Rupert has discovered a new eye color in Drosophila and decided to call this ext

Question

Rupert has discovered a new eye color in Drosophila and decided to call this extremely bright eye “hot tamale”. To find out if this gene is on chromosome 2 he did a testcross of a heterozygous female to a male that is apterus (ap, chromosome 2), black (b, chromosome 2), and hot tamale (ht). The following progeny resulted.

+ + + 41   ap ht + 301

+ ht + 34 ap + + 307

+ + b 305 ap + b 46

+ ht b 300 ap ht b 36

a. (2 pts) Diagram this cross (using the correct gene order and coupling):

b. (2 pts) Identify the progeny as Parentals (P), recombinant (R), region 1 crossover (R1), region 2 crossover (R2), or double crossover (dco) as appropriate (you may not use all of these designations!)

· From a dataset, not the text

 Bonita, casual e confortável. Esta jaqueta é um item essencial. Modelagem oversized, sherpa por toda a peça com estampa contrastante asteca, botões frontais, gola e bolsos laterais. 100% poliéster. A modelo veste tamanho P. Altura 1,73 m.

c. (2 pts) Determine the map distance between all linked genes.

d. (4 pts) What gamete types would Rupert have seen if he crossed a heterozygous male to a homozygous recessive female? Use the inverse of the cross in part a as an example and be specific.

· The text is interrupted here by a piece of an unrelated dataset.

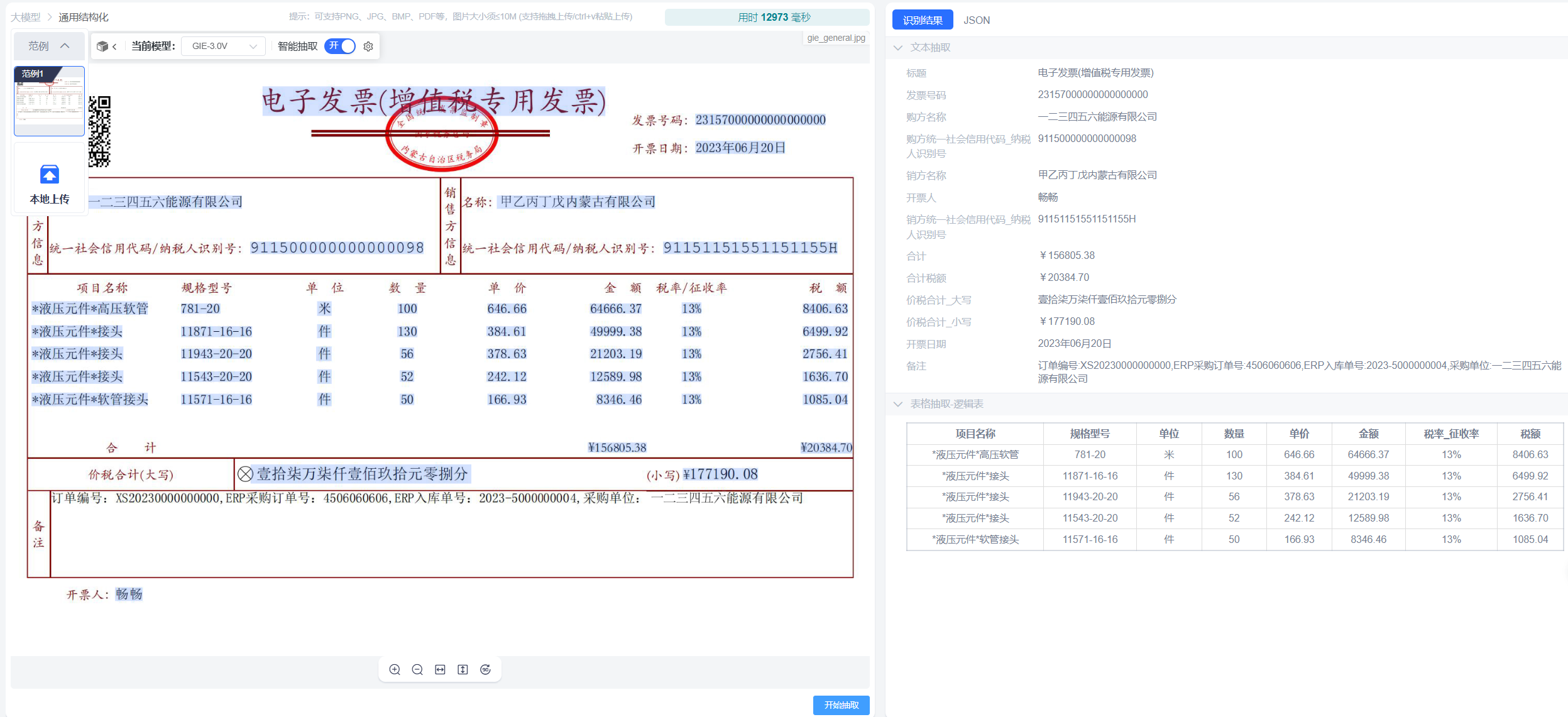 ○ 更強溯源:在輸出結構化數據(如JSON)的同時,能夠將每一個抽取字段以及表格區域精準關聯回原始單據的坐標位置,實現了數據的可追溯、可核驗。

e. (6 pts) Would Rupert have been able to determine if the genes are linked or unlinked if he had used the cross suggested in part d? Set up the experiment by comparing the cross in part d with a cross in which all three genes are linked and provide specific evidence.

Explanation / Answer

Answer

a.& b.

ap + +

307 (parents)

+ + b

305 (parents)

ap ht +

301 (SCO)

+ ht b

300 (SCO)

ap + b

46 (SCO)

+ + +

41(SCO)

ap ht b

36 (DCO)

+ ht +

34 (DCO)

The genotypes with highest number will be no crossovers (NCO) or parental types. The two genotypes with lowest number will be double crossovers (DCO) and the rest re single crossovers (SCO).

The NCOs are:

ap + +

+ + b

The DCO are:

ap ht b

+ ht +

In order for this to be a double crossover, the “ht” allele must be in the center since it is differing and switching between the parental and double crossovers. Therefore, the gene order would be: ap ht b or b ht ap

c.

The map distance between ap and ht:

Recombination frequency = (number of recombinants/ total progeny)* 100%

= (46+41+36+34/1370) *100%

= 0.114*100

= 11.4 cm

The map distance between ap and b:

= (301+300+36+34/1370)*100%

=0.489*100

= 48.9 cm

ap + +

307 (parents)

+ + b

305 (parents)

ap ht +

301 (SCO)

+ ht b

300 (SCO)

ap + b

46 (SCO)

+ + +

41(SCO)

ap ht b

36 (DCO)

+ ht +

34 (DCO)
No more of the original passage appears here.